Cheerio is a server-side version of the popular jQuery library. It does not require a browser but instead constructs a DOM from an HTML string. It then provides the user an API to work with that DOM.

Cheerio Scraper is ideal for scraping web pages that do not rely on client-side JavaScript to serve their content and can be up to 20 times faster than using a full-browser solution such as Puppeteer.

If you're unfamiliar with web scraping or web development in general, you might prefer to start with Scraping with Web Scraper tutorial from the Apify documentation and then continue with Scraping with Cheerio Scraper, a tutorial which will walk you through all the steps and provide a number of examples.

Usage

To get started with Cheerio Scraper, you only need two things.

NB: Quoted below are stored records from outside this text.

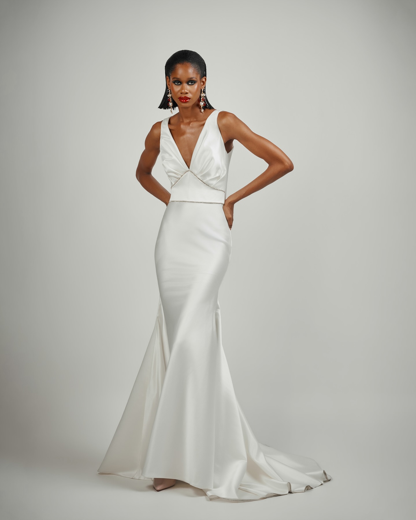 - Neckline: Dropped neckline.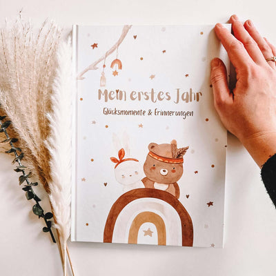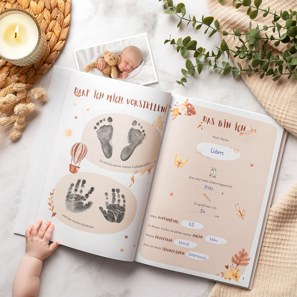 Mit hochwertigem Hardcover und handgemalten Waldtieren wird das Album selbst zu einem zeitlosen Erinnerungsschatz. Auf 84 liebevoll gestalteten Seiten hältst du die Entwicklung deines Babys fest – mit Platz für Fotos, Fuß- & Handabdrücke, monatliche Meilensteine, erste Worte, besondere Feste, Zahndiagramm und Stammbaum.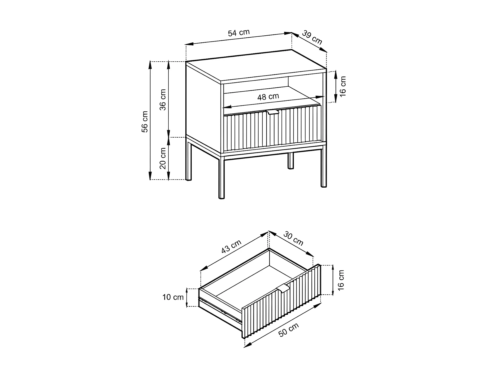 Comodino Napoli, con 2 cassetti, 50.54 cm X 40.69 cm X 32.76 cm , Nero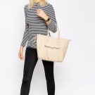 A tote bag or, as it is called simply “tout” (“that”), is a large bag with two handles without fastener on top and with a single compartment. It looks like a classic model that designers review from season to season and make it even more comfortable or original. The name has developed thanks to the English verb "to tote", which translates as "carry."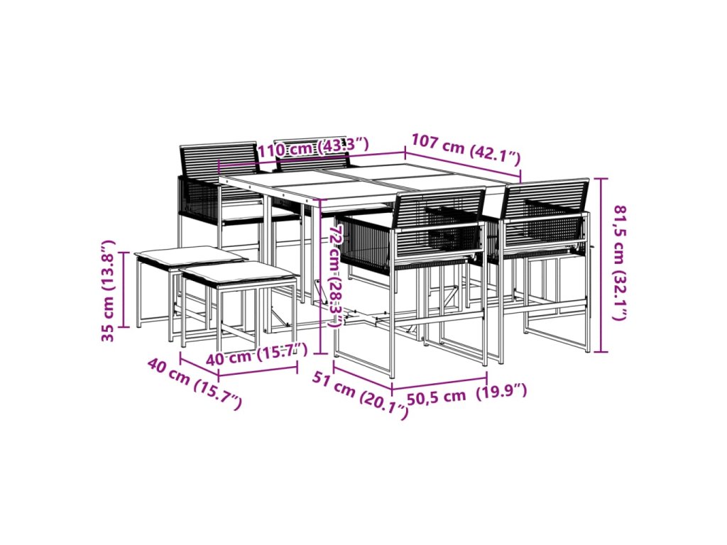 Táto záhradná jedálenská súprava je skvelou voľbou na stolovanie pod holým nebom alebo len tak na oddych v záhrade, na dvore alebo na terase.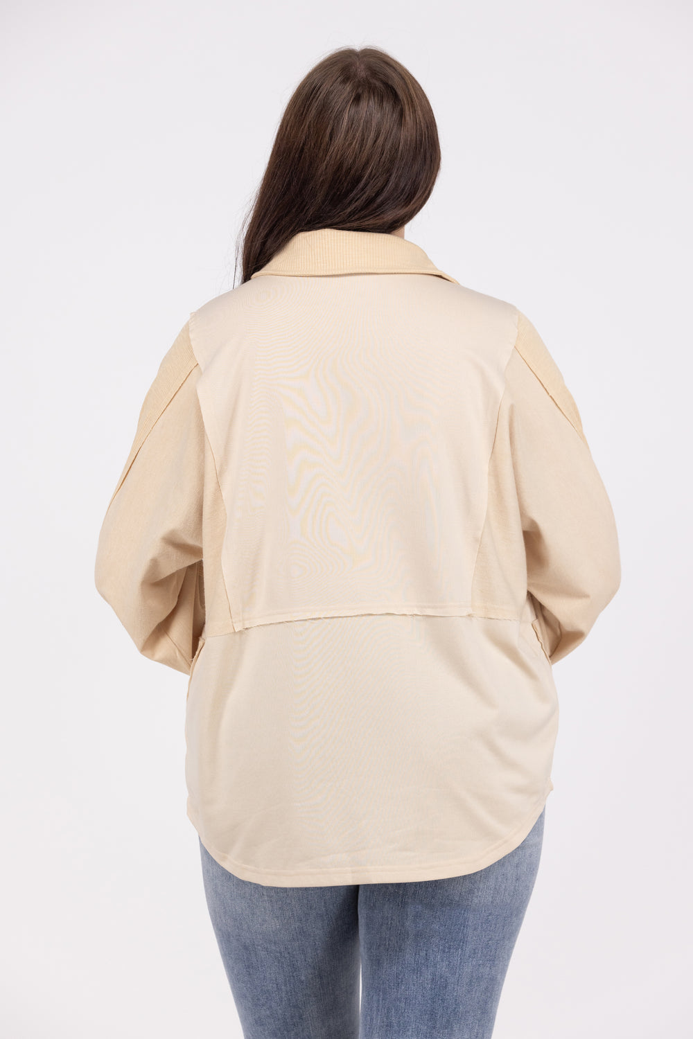 The Pocketful Of Contrast Top from Heyson is a lovely top that uses contrast as its main feature! There is a collared neckline, long cuffed sleeves, half front button down, two front pockets, and a rounded hemline. The monochromatic color scheme works perfectly with all the different fabrics. Pair this top with any kind of denim so a casual look!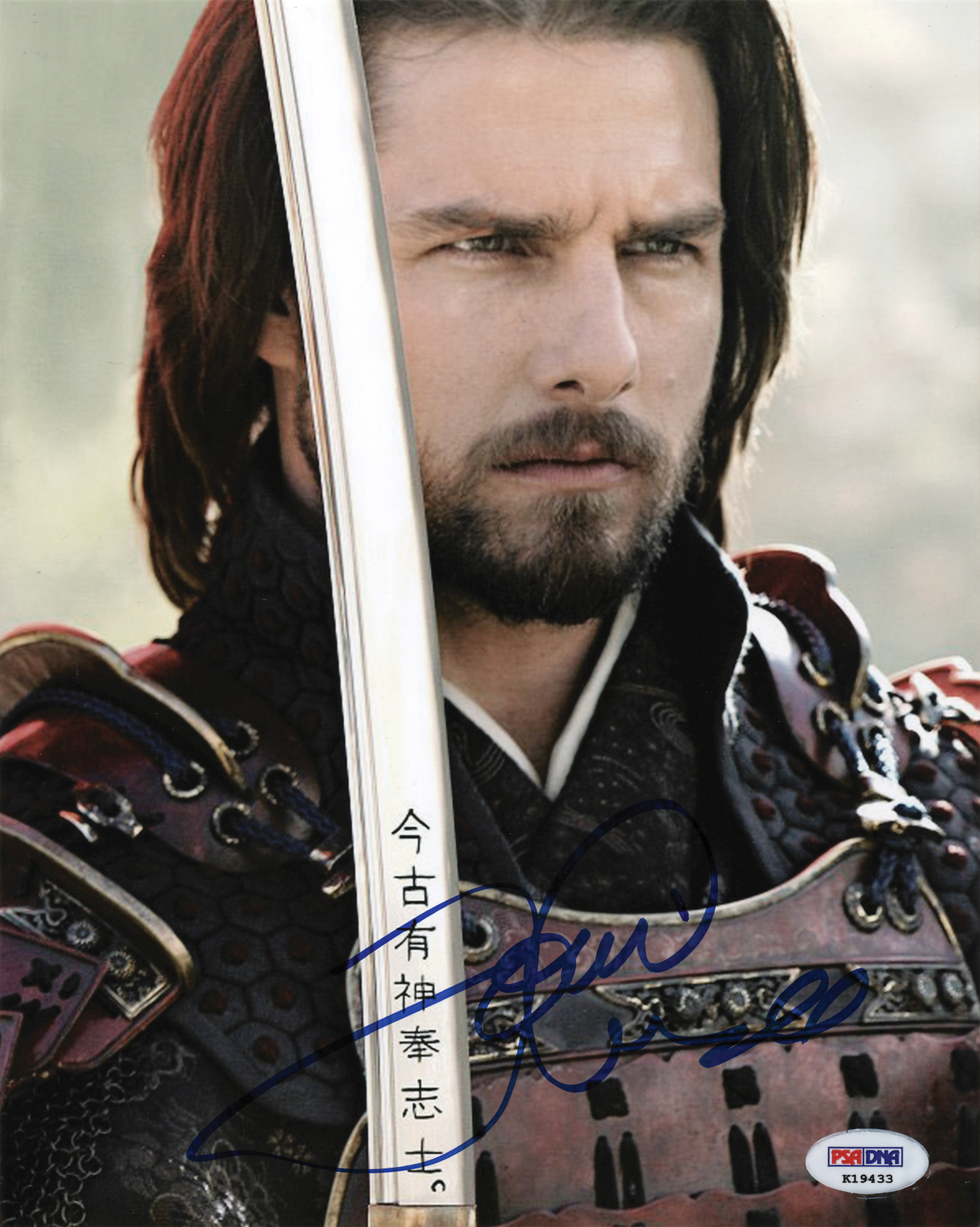 Color glossy 8 x 10 close-up photo of Tom Cruise in The Last Samurai, signed in blue felt tip. In fine condition, with a PSA/DNA authentication label affixed to the lower right corner. Accompanied by a certificate of authenticity from PSA/DNA.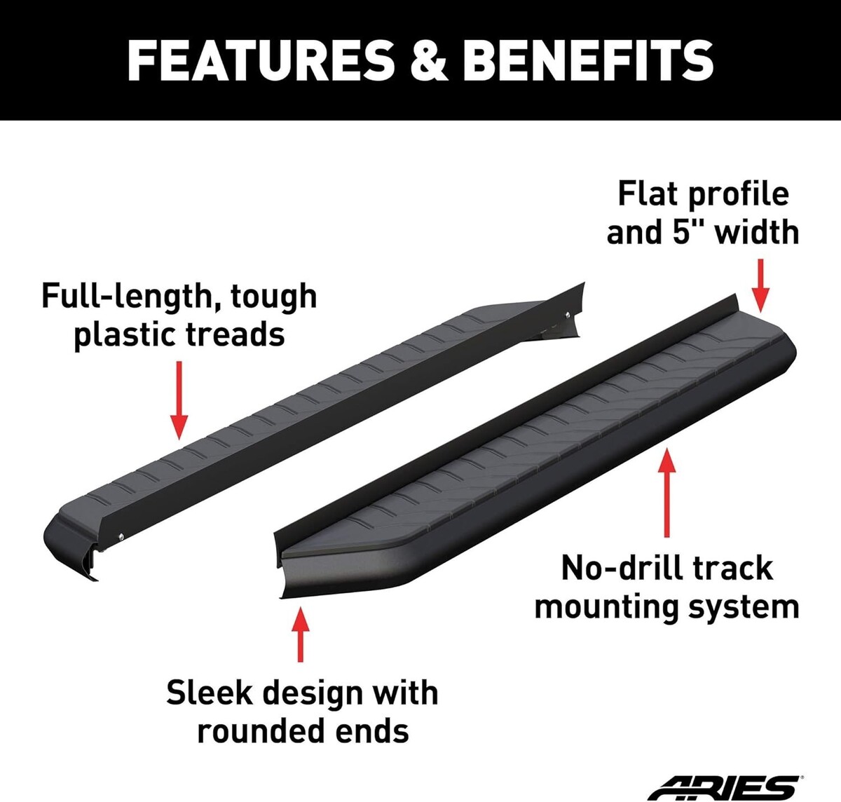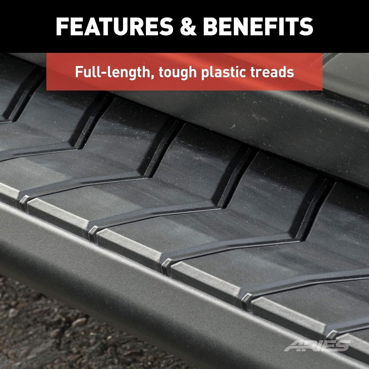 AeroTread running boards are made for both function and appearance. The hard plastic treads feature an aerodynamic-style non-skid pattern that provides firm footing.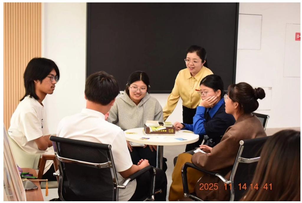 本次活动以OH卡牌为工具,同学们通过抽卡自我介绍,迅速拉近距离。在“内在的火种”“我的光芒与阴影”环节,大家借助卡牌探索内心,真诚分享,在交流中获得成长。在“抽取我的未来”环节中,欧老师引导大家以积极心态解读任何卡牌,唤醒内在力量。活动尾声的“能量传递”将氛围推向高潮,同学们用卡牌搭配个性化祝福,以细微的善意汇聚成温暖力量,让“被看见”的感动在现场流动。
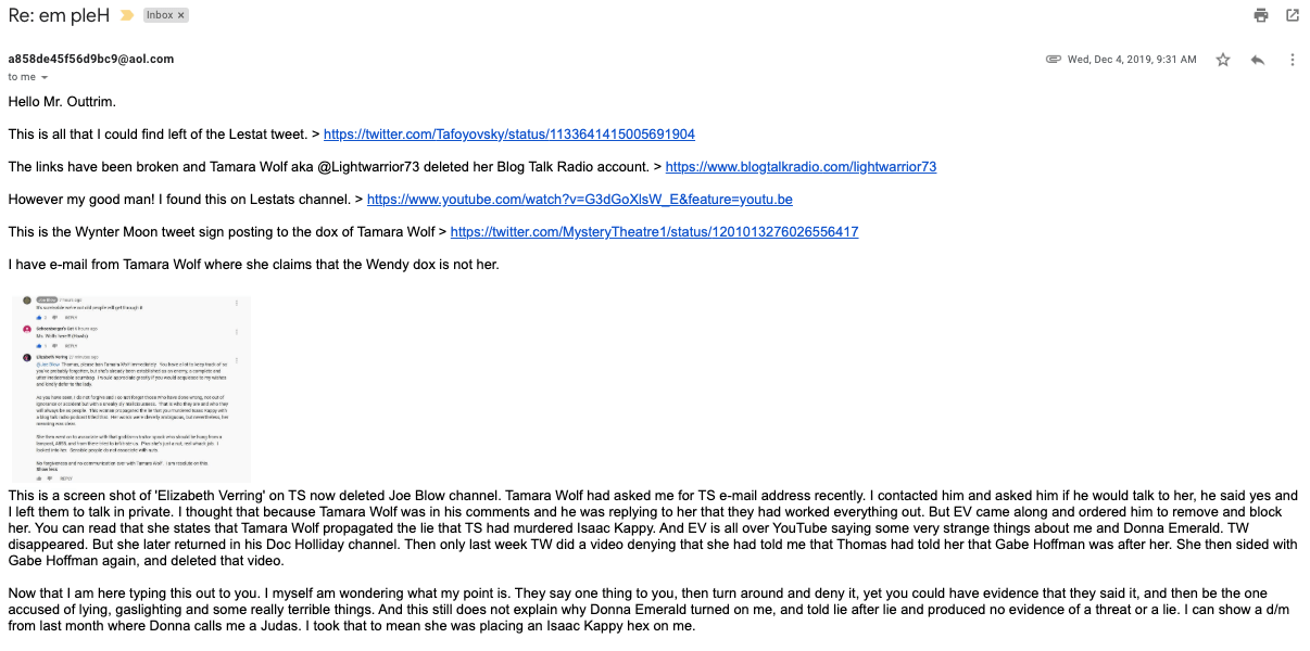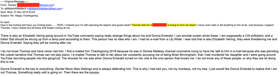 In this post are a selection of emails I received from this account. I'm not posting everything, but this is most of it. Why do people send me this stuff? Maybe because they trust that I'm an evidence-based researcher and therefore my audience is interested in seeing primary source evidence. Maybe because I seem to be one of the few people on the entire Web to be writing about these LARPs (see also Tracking the Leopard Meroz and Lenox7.com). Or perhaps I've been tagged in some sort of ARG. Donna Emerald is a promoter of #TheGame23, which i mentioned in Silicon Valley's Secret Weapon Part 7 - Social Engineering on the Electronic Frontier.

First, tell the scraper which web pages it should load. Second, tell it how to extract data from each page.

The scraper starts by loading the pages specified in the Start URLs field. You can make the scraper follow page links on the fly by setting a Link selector, Glob Patterns and/or Pseudo-URLs to tell the scraper which links it should add to the crawling queue. This is useful for the recursive crawling of entire websites, e.g. to find all products in an online store.

To tell the scraper how to extract data from web pages, you need to provide a Page function. This is JavaScript code that is executed for every web page loaded. Since the scraper does not use the full web browser, writing the Page function is equivalent to writing server-side Node.js code - it uses the server-side library Cheerio.

In summary, Cheerio Scraper works as follows:

  1. Adds each Start URL to the crawling queue.
  2. Fetches the first URL from the queue and constructs a DOM from the fetched HTML string.
  3. Executes the Page function on the loaded page and saves its results.
  4. Optionally, finds all links from the page using the Link selector. If a link matches any of the Glob Patterns and/or Pseudo-URLs and has not yet been visited, adds it to the queue.
  5. If there are more items in the queue, repeats step 2, otherwise finishes.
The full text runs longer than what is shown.